The data:
════

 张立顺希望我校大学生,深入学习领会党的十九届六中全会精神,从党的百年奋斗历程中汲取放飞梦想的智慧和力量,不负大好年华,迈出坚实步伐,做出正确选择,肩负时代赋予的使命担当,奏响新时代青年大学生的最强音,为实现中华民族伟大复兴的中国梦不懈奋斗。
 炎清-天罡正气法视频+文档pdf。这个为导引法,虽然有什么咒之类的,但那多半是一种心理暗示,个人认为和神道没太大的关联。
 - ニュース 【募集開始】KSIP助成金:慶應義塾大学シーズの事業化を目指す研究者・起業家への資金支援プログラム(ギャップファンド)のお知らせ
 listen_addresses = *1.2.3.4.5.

════

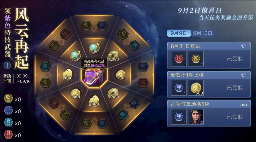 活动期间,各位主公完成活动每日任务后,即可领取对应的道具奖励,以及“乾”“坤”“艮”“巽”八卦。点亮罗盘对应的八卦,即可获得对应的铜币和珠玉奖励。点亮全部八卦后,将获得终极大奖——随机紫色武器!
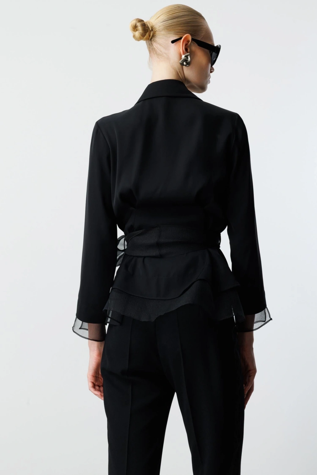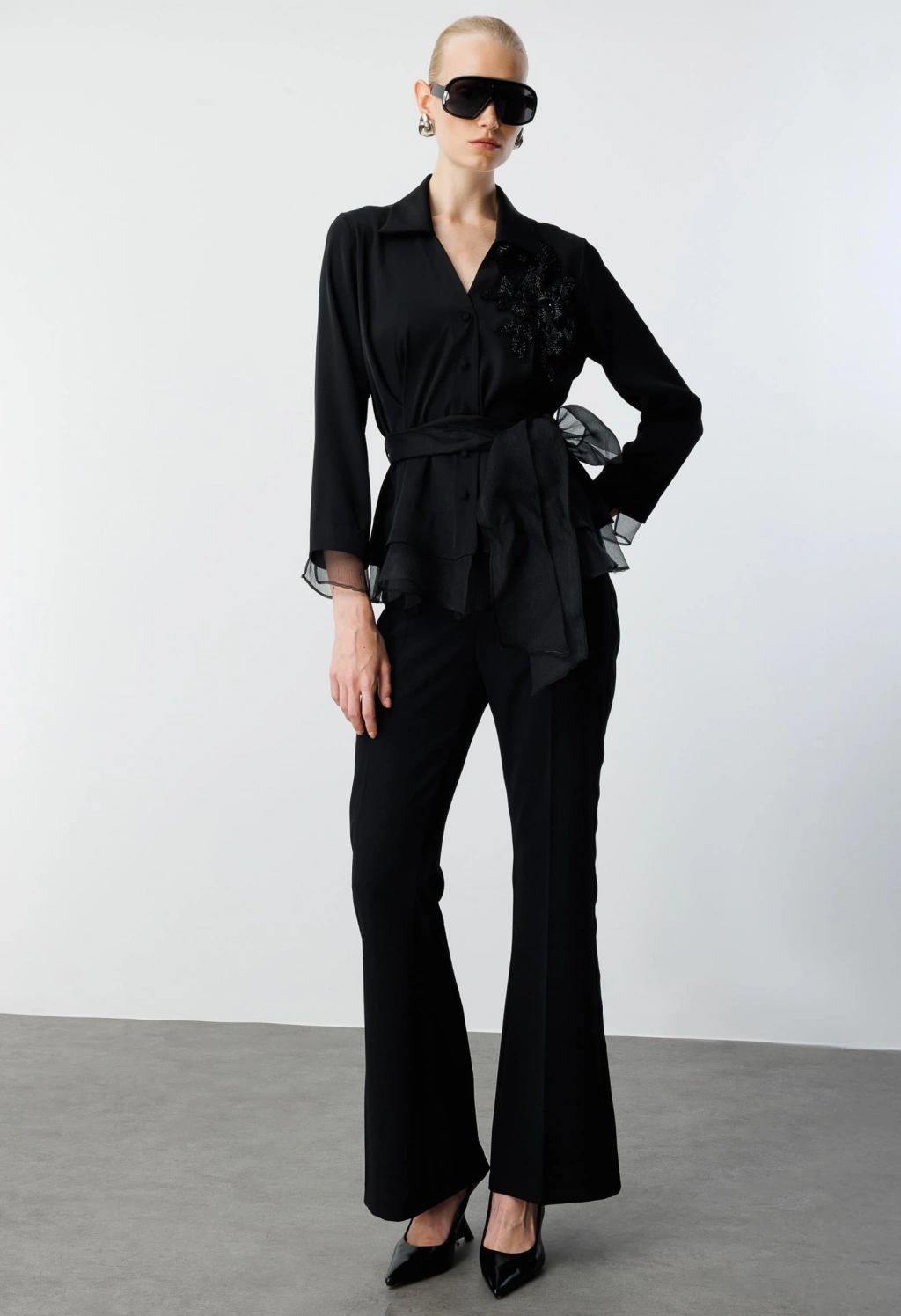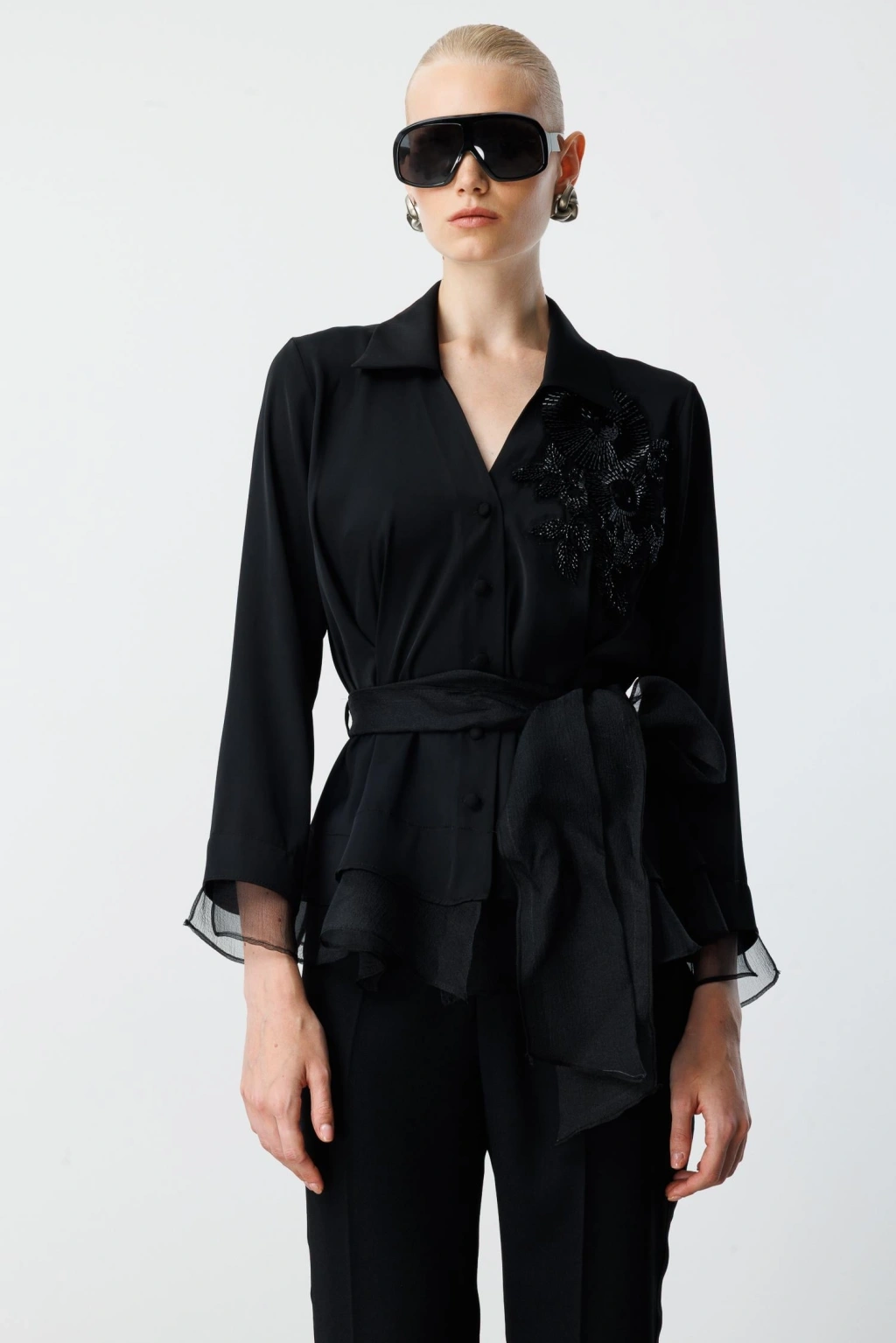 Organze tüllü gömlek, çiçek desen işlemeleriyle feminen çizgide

════

What is expected: Would you copy out, exactly and with no pictures, only the lines above from the one that contains "活动期间,各位主公完成活动每" through the one that contains "Organze tüllü gömlek, çiçek"?

Output:
 活动期间,各位主公完成活动每日任务后,即可领取对应的道具奖励,以及“乾”“坤”“艮”“巽”八卦。点亮罗盘对应的八卦,即可获得对应的铜币和珠玉奖励。点亮全部八卦后,将获得终极大奖——随机紫色武器!
 Organze tüllü gömlek, çiçek desen işlemeleriyle feminen çizgide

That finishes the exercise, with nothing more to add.